I'm curious who told you prices plunged? I'm sure prices are lower then the peak but most Italians wouldn't be considered forced sellers. That means prices don't plunge easily.

You'll have to pay the full tax on the purchase since you won't be resident. Notary fees vary with the value of the property. Cost of living and restoration costs are length of string type questions.

There is no national house listing so you'll be hard pressed to find a database of prices. Even if you did homes aren't really fungible. Finding two apples to compare isn't that easy.


----------



## zaphod (Jun 19, 2010)

*Followup*

Thank you, Nick, for the very quick response. During my last visit to Venice (a couple of weeks ago), I asked my hotelier and a few other residents about real estate; they mentioned almost in passing that prices were down, in part as a consequence of the global real estate bust. Are there sources that can confirm or deny this assertion with some hard facts about recent history?
Thanks again.



NickZ said:


> I'm curious who told you prices plunged? I'm sure prices are lower then the peak but most Italians wouldn't be considered forced sellers. That means prices don't plunge easily.
> 
> You'll have to pay the full tax on the purchase since you won't be resident. Notary fees vary with the value of the property. Cost of living and restoration costs are length of string type questions.
> 
> There is no national house listing so you'll be hard pressed to find a database of prices. Even if you did homes aren't really fungible. Finding two apples to compare isn't that easy.


----------



## NickZ (Jun 26, 2009)

You could go to the local government offices and try and find the selling prices. These are supposed to be there but

1) Up till I think 4 or 5 years ago they registered the assessed tax value and not the real selling price.

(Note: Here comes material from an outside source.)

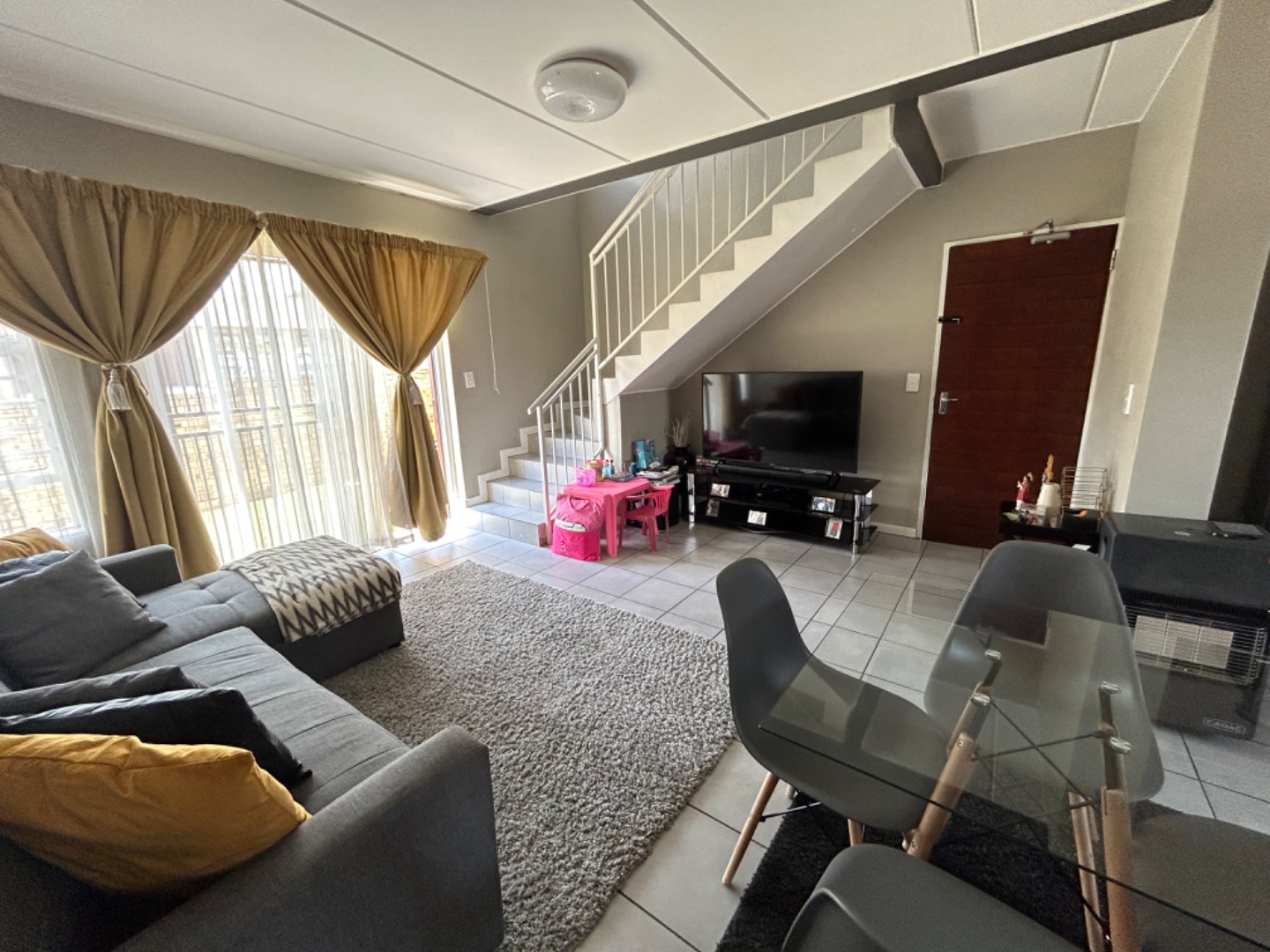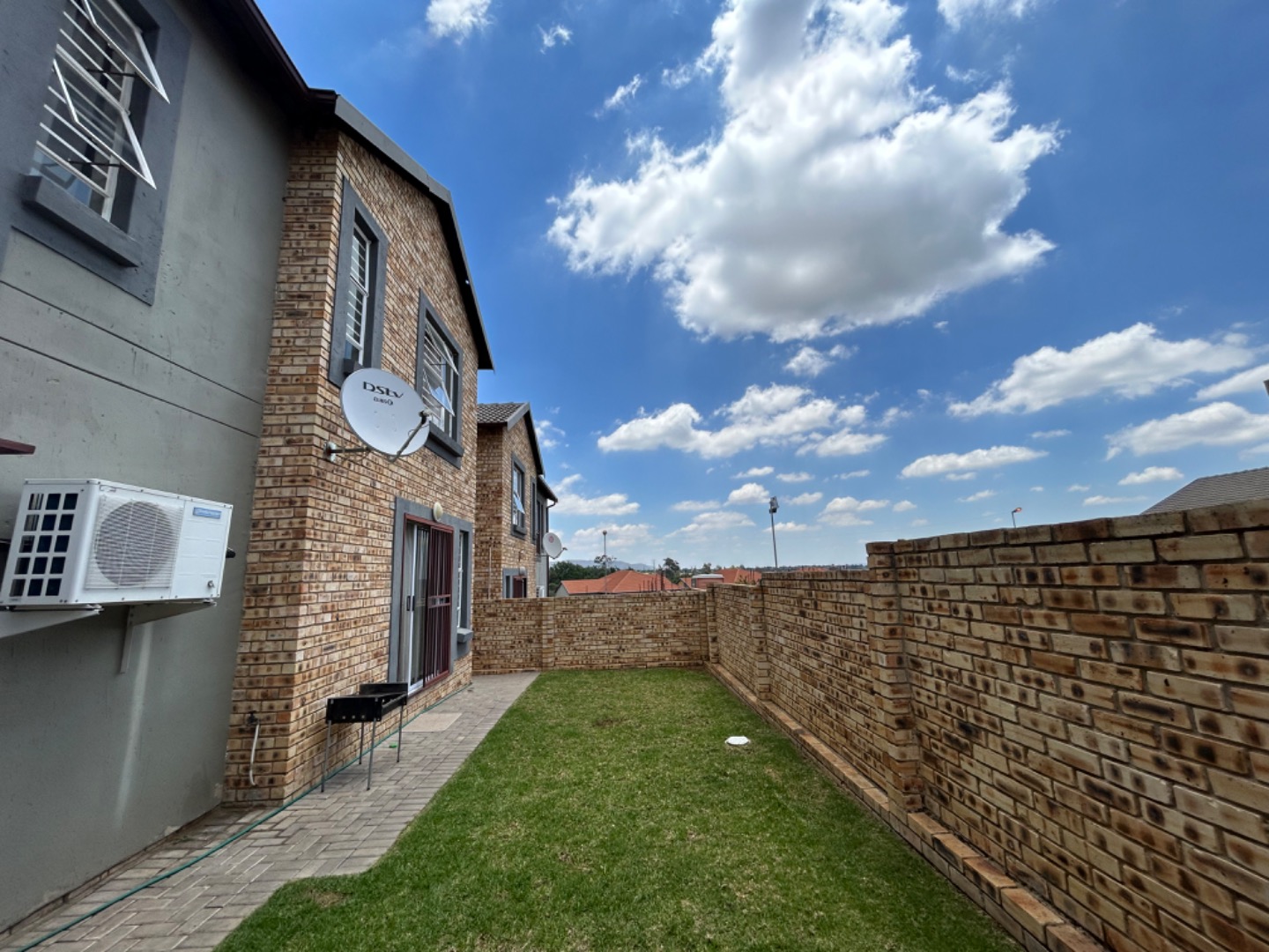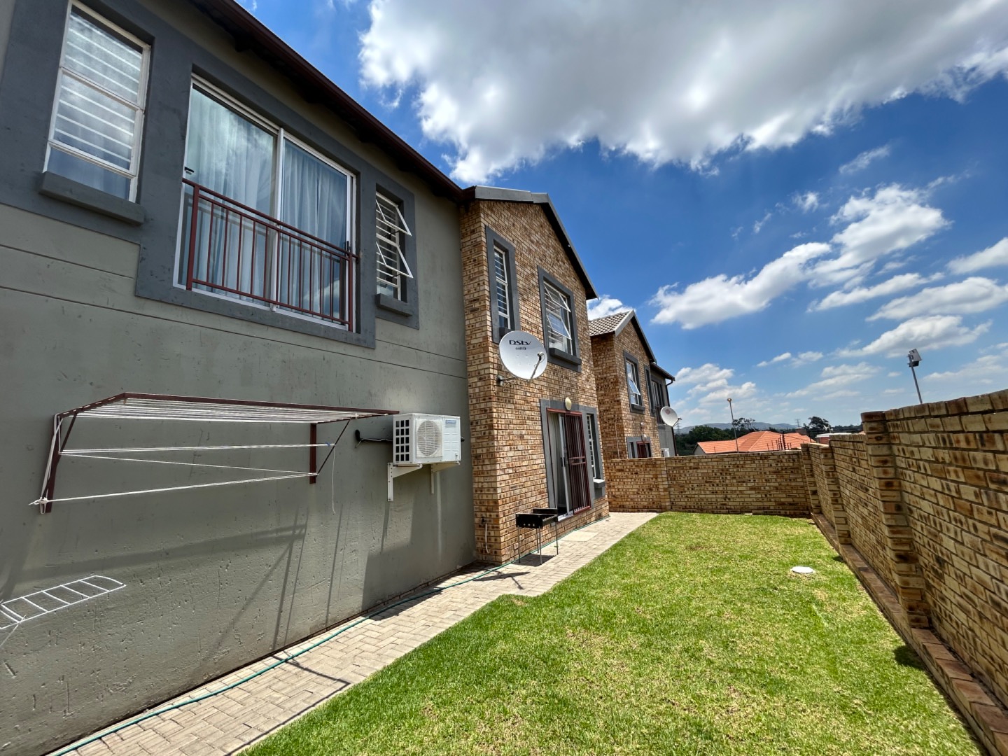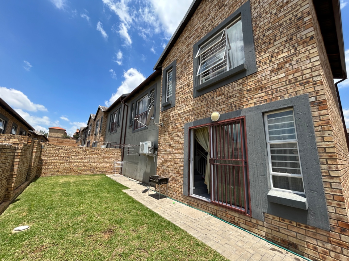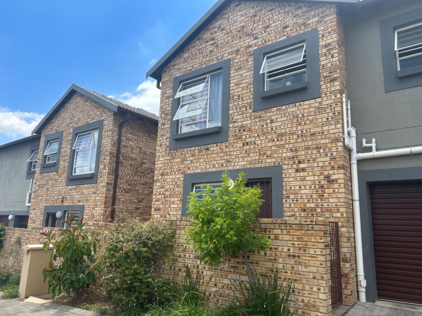 This modern two-story townhouse in Wilgeheuwel presents an inviting facade with attractive brickwork and stylish grey accents. Individual attached garages and paved driveways ensure a neat entrance. Ample windows allow natural light to fill the interiors, complemented by security bars for peace of mind.

2) You'll need to find two very similar homes to compare prices with. This is easier said then done.


----------



## zaphod (Jun 19, 2010)

*Thank you*

Terrific advice.
Thanks.



NickZ said:


> I'm curious who told you prices plunged? I'm sure prices are lower then the peak but most Italians wouldn't be considered forced sellers. That means prices don't plunge easily.
> 
> You'll have to pay the full tax on the purchase since you won't be resident. Notary fees vary with the value of the property. Cost of living and restoration costs are length of string type questions.
> 
> There is no national house listing so you'll be hard pressed to find a database of prices. Even if you did homes aren't really fungible. Finding two apples to compare isn't that easy.


----------